■ **Records supplied**:
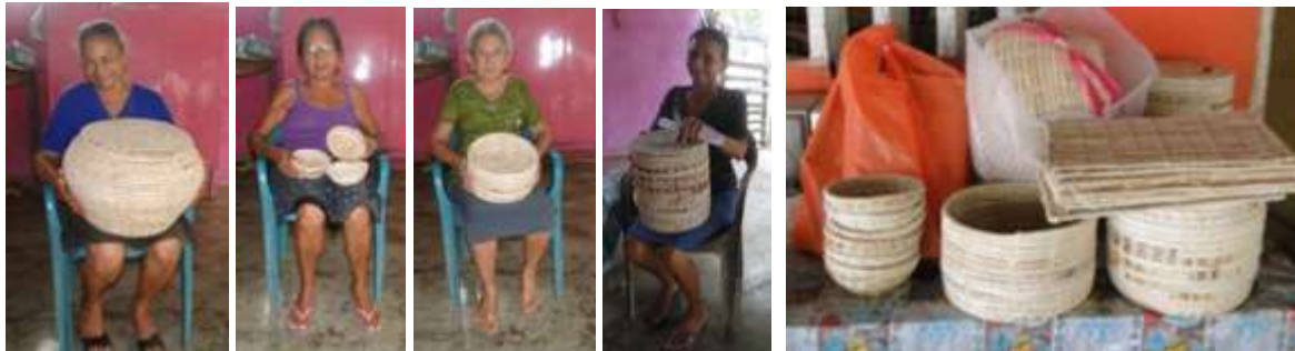
Primeras muestras. Rabolargo, Cerete. Marzo de 2016.

A la comunidad de Rabolargo se le hizo entrega de telares planos de mesa; la matriz de diseño para fue la misma utilizada en diciembre 2015 para los productos a llevar a Expoartesano, con una colección similar con productos mejorados, redondo, cocido en espiral y color natural blanco y se recibieron los prototipos previamente encargados como culminación de los talleres de la fase inicial del proyecto. La producción se centró en la producción de individuales, canastos y porta cazuelas.
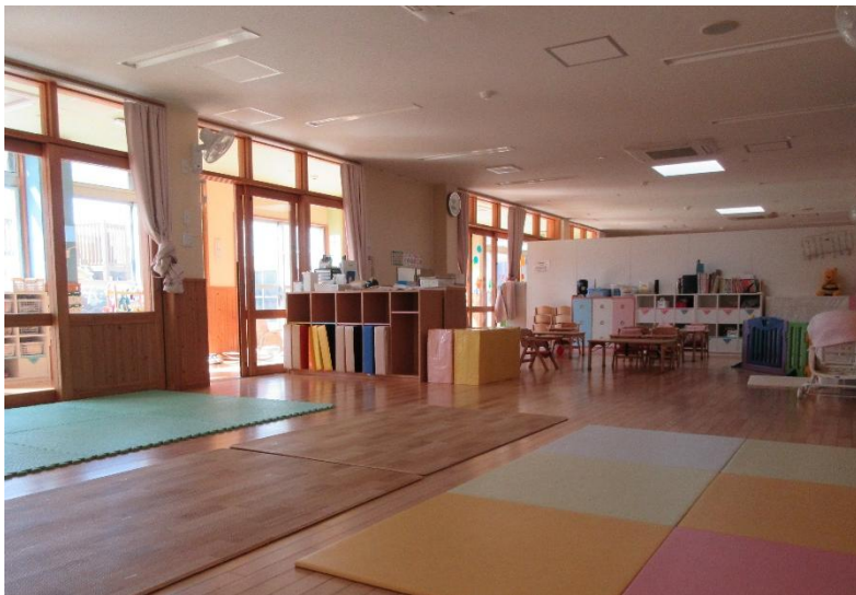
0歳児29名は月齢によりクラス分けをしています。
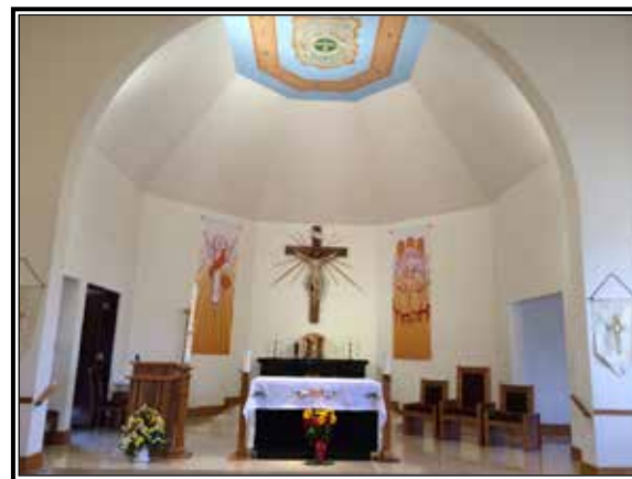
Un fresco de los Nativos Americanos se encuentra exhibido en la parte superior del altar.

“Muchos niños del programa RICA, preguntan: ‘Padre, ¿quién es ese santo?’” mientras apuntan a una estatua en particular, observaba el Padre Godina. O, alguien recién llegado a la parroquia pregunta sobre alguna estatua. Es la oportunidad para “momentos de enseñanza,” dice el padre para explicar sobre las bellas tradiciones de nuestra fe católica.
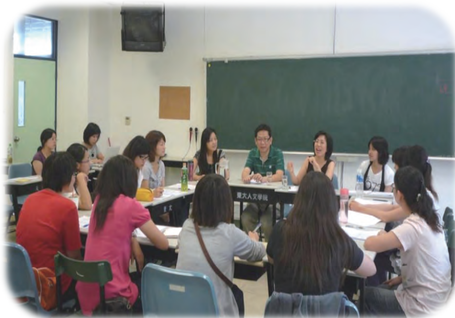
團體督導：針對教學、教材、班級經營及學生行為進行深入的探討

團督因為時間較充裕，除了比較能深入地解決補救教師在教學或行政上遇到的問題外，更重要的是，大家在一起，會有相濡以沫的感覺，同時兼具協助、支持、分享等不同的功能。

■ **Problem**: Give again, word for word, only the lines that run from the top of the data above through the line with "Un fresco de". Drop the pictures.

■ **Task answer**:
Primeras muestras. Rabolargo, Cerete. Marzo de 2016.

A la comunidad de Rabolargo se le hizo entrega de telares planos de mesa; la matriz de diseño para fue la misma utilizada en diciembre 2015 para los productos a llevar a Expoartesano, con una colección similar con productos mejorados, redondo, cocido en espiral y color natural blanco y se recibieron los prototipos previamente encargados como culminación de los talleres de la fase inicial del proyecto. La producción se centró en la producción de individuales, canastos y porta cazuelas.
0歳児29名は月齢によりクラス分けをしています。
Un fresco de los Nativos Americanos se encuentra exhibido en la parte superior del altar.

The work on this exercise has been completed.